The authors use a “proof by contradiction”: they assume an AGI machine exists, and then show that assumption leads to a logical conflict when you decompose the machine into simpler parts—so the original assumption must be false.
Implications and Impact
This research has several practical takeaways:
- For AI development: It suggests focusing on “narrow AI” (systems designed for specific jobs, like medical imaging or self‑driving) rather than expecting a single, general system to invent new science or art.
- For AI safety debates: It reduces fears that an all‑powerful, self‑directed AGI will emerge and take over. The paper argues such creativity is not computable.
- For understanding human intelligence: If human general intelligence involves true creativity (new functions), then it might not be computable by machines. That raises deep questions about how human minds work and whether some parts of intelligence are non‑algorithmic or rely on physical processes beyond current computing models.
Limits of the Paper’s Argument
The proof relies on the Church–Turing Thesis, which is widely accepted but not formally proven. If one day someone builds a “hypercomputer” (a device that can compute beyond Turing Machines), the conclusions could change. However, with today’s understanding, no known computer model can compute the kind of creativity defined as AGI in this paper.
Conclusion
In plain language: The paper argues that computers can rearrange and combine what they already know, but they can’t invent genuinely new abilities from scratch. So, under this definition of AGI, true machine creativity isn’t something algorithms can do. AI will remain extremely useful—just not creative in the same way humans are.
Knowledge Gaps
Below is a single, concrete list of knowledge gaps, limitations, and open questions left unresolved by the paper. Each point is framed to be actionable for future research.

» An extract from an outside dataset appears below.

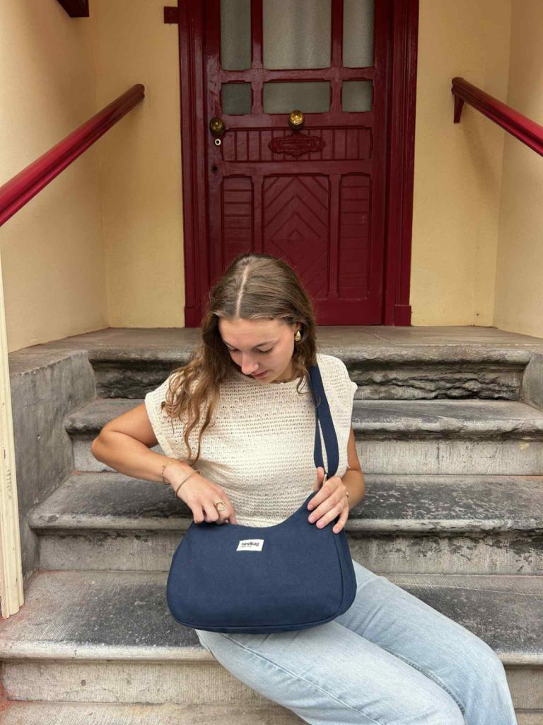 Confectionné en coton biologique labellisé GOTS, il séduit par sa texture douce, son anse réglable et sa poche extérieure pensée pour le quotidien.

- The paper’s AGI definition hinges on “creating new functionality not present in the initial system,” but it lacks a rigorous mathematical formalization of “functionality,” the set F, and what it means for a function to be “present” versus “generated,” especially for systems that learn, self-modify, or synthesize code.

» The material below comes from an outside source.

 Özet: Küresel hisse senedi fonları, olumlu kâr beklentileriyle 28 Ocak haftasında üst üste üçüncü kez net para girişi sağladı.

- Axiom 1 equates computability with implementability via a finite number of NAND gates configured as a (seemingly) combinational circuit; it does not formally account for sequential circuits, state, unbounded memory, or time-varying reconfiguration—core aspects of Turing-computable processes. A formal extension to sequential/stateful architectures is needed.
- The proof’s “carve-out” step assumes that if a k-gate system is AGI, then the new functionality must be attributable to either the (k–1)-gate subcircuit or the 1-gate subcircuit; the paper does not provide a formal argument that composition of non-AGI components cannot yield AGI at the system level (emergence under composition remains unaddressed).

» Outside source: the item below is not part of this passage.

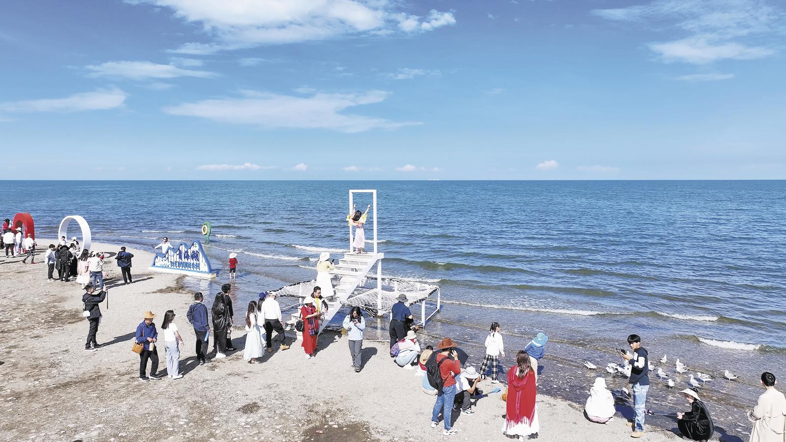 青海湖邊游人正在打卡拍照。記者 張多鈞 攝

- The existence and uniqueness of a “minimum AGI system” (with the least k) is asserted via Lemma 4 but not rigorously proven. A formal existence proof (e.g., via well-ordering on gate counts across circuit families parameterized by input size and state) is required if the contradiction hinges on such minimality.
- The argument treats the algorithm as a fixed circuit with a fixed gate count and topology; it does not analyze algorithms that reconfigure themselves over time (e.g., neural architecture search, JIT compilation, dynamic programming synthesis, or self-modifying code). A formal model of dynamic topology and its implications for “new functionality” is missing.
- The paper requires algorithms to be deterministic and terminating for all valid inputs, omitting probabilistic or partial computability (non-terminating on some inputs). An extension that explicitly covers randomized Turing machines and partial recursive functions is needed to establish whether “creativity” remains incomputable under these more general models.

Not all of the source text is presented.